1. Ethics is concerned with the _ideal_ of life. By an ideal we mean a better state of being than has been actually realised. We are confessedly not as we should be, and there floats before the minds of men a vision of some higher condition of life and society than that which exists. Life divorced from an ideal is ethically valueless. Some conception of the supreme good is the imperative demand and moral necessity of man's being.

Hence the chief business of Ethics is to answer the question: What is the supreme good? For what should a man live? What, in short, is the ideal of life? In this respect Ethics as a science is distinguished from the physical sciences. They explain facts and trace sequences, but they do not form ideals or endeavour to move the will in the direction of them.
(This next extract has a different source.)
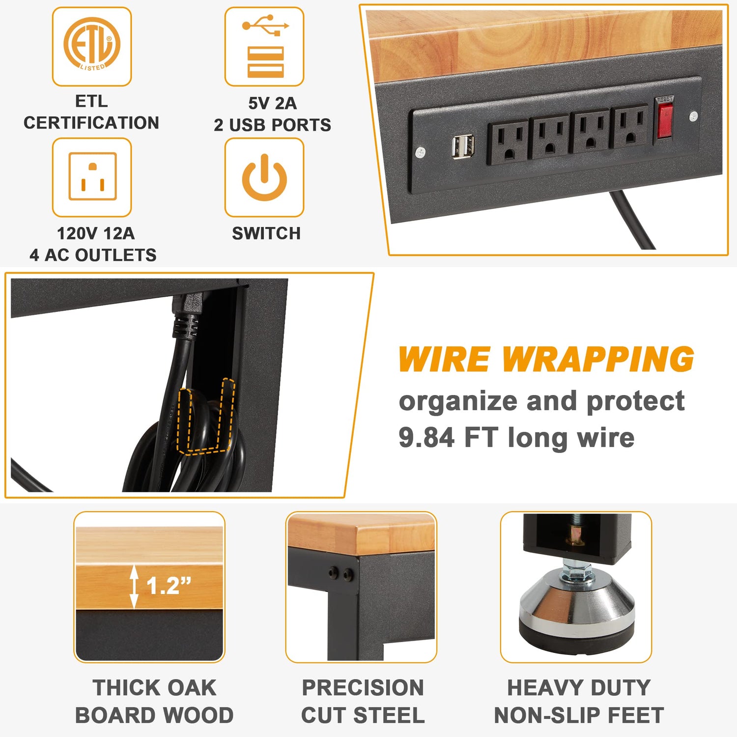 - 【ETL CERTIFICATION POWER OUTLETS】Equipped with power outlets, it is extremely convenient to use various of electric tools and lamps. Totally 4 AC Outlets, 2 USB Ports and 1 Switch on the power strip which is ETL certified for safety and durability.
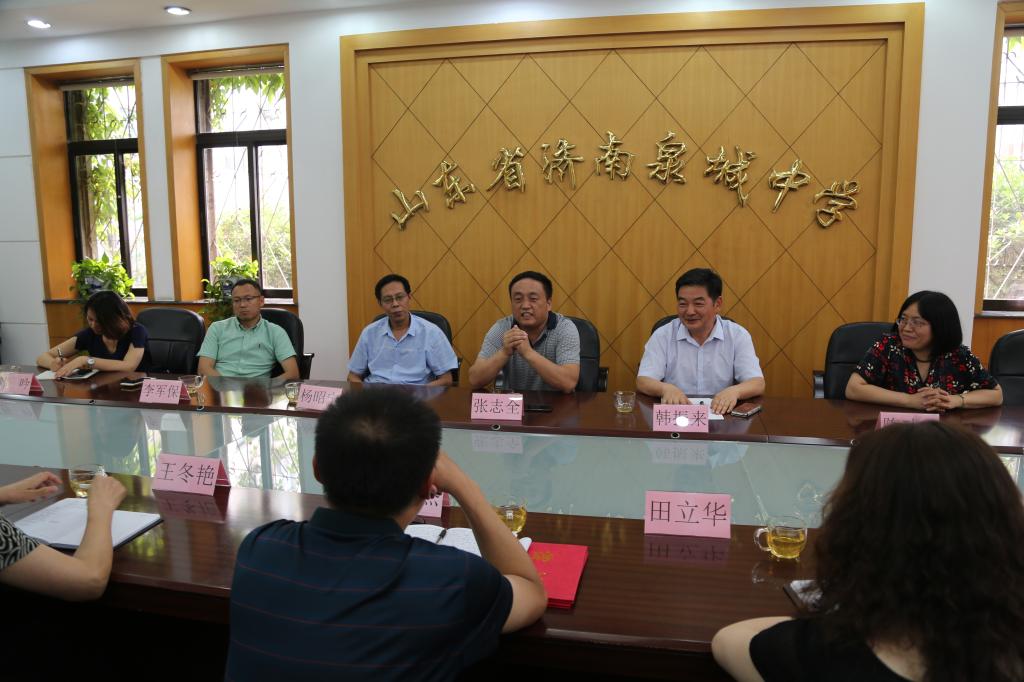 2019年6月20日,中国·太阳集团tyc9728—泉城中学教育硕士校外联合培养基地揭牌仪式暨校外导师聘任仪式在泉城中学会议室举行。中国·太阳集团tyc9728研究生院副院长张志全,数学学院党委书记韩振来,教育与心理科学学院院长杨昭宁、副院长陈功香,研究生院质量管理科科长李军保,泉城中学校长董晓杰、副校长王冬艳、教务处副主任田丽华出席了活动。

2. Ethics again is concerned with a _norm_ of life, and in this sense it is frequently styled a normative science. That is to say, it is a science which prescribes rules or maxims according to which life is to be regulated. This is sometimes expressed by saying that Ethics treats of what _ought to be_.
The ideal must not be one which simply floats in the air. It must be an ideal which is possible, and, therefore, as such, obligatory. It is useless to feel the worth of a certain idea, or even to speak of the desirability of it, if we do not feel also that it ought to be realised.

Moral judgments imply an 'ought,' and that 'ought' implies a norm or standard, in the light of which, as a criterion, all obligation must be tested, and according to which all conduct must be regulated.

3. Ethics, once more, is concerned with the _will_. It is based specifically on the fact that man is not only an intellectual being (capable of knowing) and a sensitive being (possessed of feeling) but also a volitional being; that is, a being endowed with self-determining activity. It implies that man is responsible for his intentions, dispositions and actions.

The idea of a supreme ideal at which he is to aim and a norm or standard of conduct according to which he ought to regulate his life, would have no meaning if we did not presuppose the power of self-determination.
Whatever is not willed has no moral value. Where there is no freedom of choice, we cannot speak of an action as either good or evil.
When we praise or blame a man's conduct we do so under the assumption that his action is voluntary. In all moral action purpose is implied. This is the meaning of the well-known dictum of Kant, 'There is nothing in the world . . . that can be called good without qualification except a good will.

A good will is good, not because of what it performs or effects, not by its aptness for the attainment of some proposed end, but simply by virtue of the volition.' It is the inner aim, the good will which alone gives moral worth to any endeavour. It is not what I do but the reason why I do it which is chiefly of ethical value. The essence of virtue resides in the will, not in the achievement; in the intention or motive, not in the result.